大切な人。そして信じるということ。
「私がはたを織っている間は、決して部屋をのぞかないでください」
トントンカラリン。トンカラリン。
トントンカラリン。トンカラリン。
娘は、そりゃあ、そりゃあ、きれいな布を織りました。
その布は高く売れました。
またまた、娘ははたを織ってくれました。
トントンカラリン。トンカラリン。
トントンカラリン。トンカラリン。
おじいさんとおばあさんは、どうも、どうも、その部屋をのぞきたくてたまりません。
見るなと言われたら、見てみたい。
それもまた人間の心理というもの。
どうも、どうも我慢ならなく、のぞいてしまったわけです。
「決してのぞかないでくださいと言ったのに・・・。そう。私はあの時、助けてもらった鶴です」
そうして、鶴は去ってしまったのです。
そう。

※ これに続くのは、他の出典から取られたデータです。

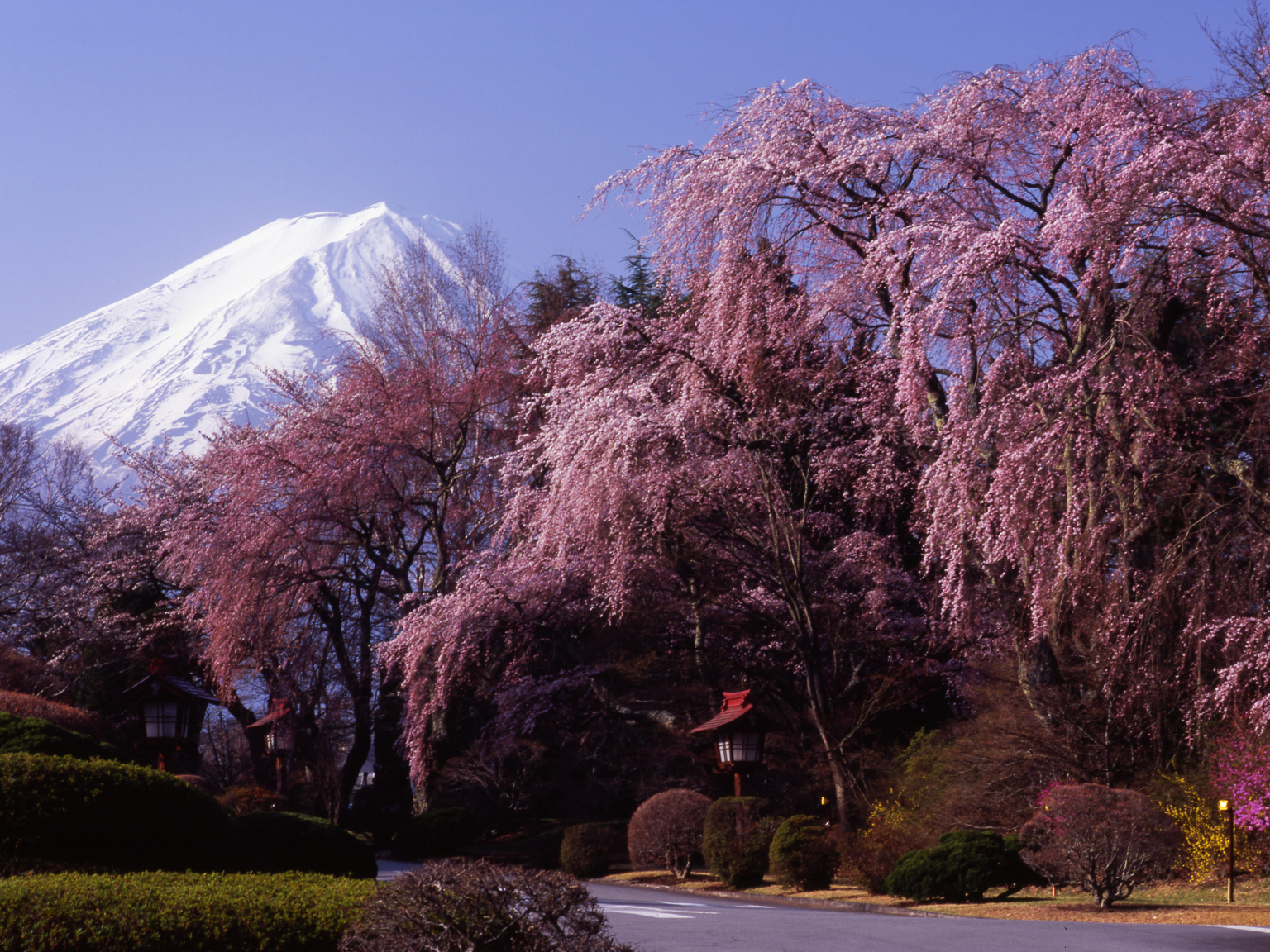 中でも、枝が地面に向かって垂れ下がった姿が優雅で、頭上から沢山の桜の花が降ってくるかのような「しだれ桜」と、富士山の景色は大人気!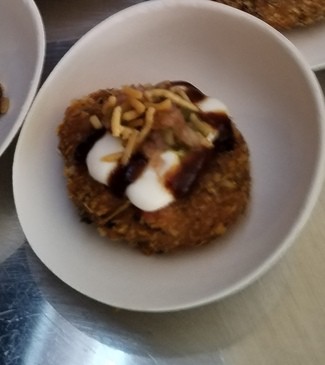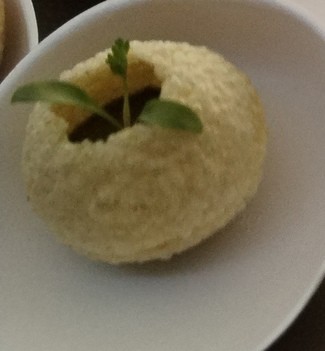 El menú comienza con algo que se llama Amuse Bouche, y que no me acuerdo para nada de su composición, si recuerdo que según explicaron se trata de un homenaje a la street food de la India, una especie de cuenco hecho con una pasta de ¿maiz?, que en su interior tiene una amalgama de diferentes productos típicos: patata, garbanzo y no recuerdo que mas cosas, le echan un caldito de tamarindo y lo comes de un bocado con la mano ,- pero rápido, de lo contrario se deshace -, en teoría, en la boca debes sentir como una explosión de sabores de la India. El mío debía estar sin pólvora, no ha explotado nada.

鶴の恩返しです。
みなさんは、恋人の携帯電話をのぞいてしまったことはありませんか?
のぞいてしまって、けんかになったことはありませんか?
俺はこんなことを想像した。
ある知らない人が、俺の前に現れ、ボソっとこう言った。
「あなたの恋人は浮気をしています」
果たして、その知らない人の言葉を信じるのか?
それとも、恋人を信じるのか?
また、想像してみた。
それが、友達の言葉だった場合はどうか?
なぜかはわからないけれど、その知らない人、はたまた友達の言葉は、
真実かどうかとは関係なく、説得力があるはずだ。
なぜだ?
人を信じることは難しい。
今までも、何度か詐欺にあいそうになった。
「あなたは、ラッキーなことに当選しました。つきましては3日以内に、こちらに連絡ください」
危なく、電話をしそうになった。
疑うことも時として、必要なこともあるだろう。
しかしだ。
しかし、ここでは恋人。
大切な人を信じれるかという話。
もしかしたら、裏切られるかもしれないし、
もしかしたら、信じて馬鹿をみるということもある。
しかしだ。
しかし、裏切られる前に、
信じて馬鹿をみる前に、
自分は信じることができたのか?
俺の愛読書のマンガ「WORST」に、こんなくだりがある。
「バカをみた自分より先に約束を守った自分を誇りに思え」
しびれた。
こんな男には到底、到達はしていないが、こんな男でありたいと想った。
人を信じる時、
「どんな人間でありたいか?」と自分に問う。
「大切な人さえ、信じられないのか?」と自分に問う。
トントンカラリン。トンカラリン。
トントンカラリン。トンカラリン。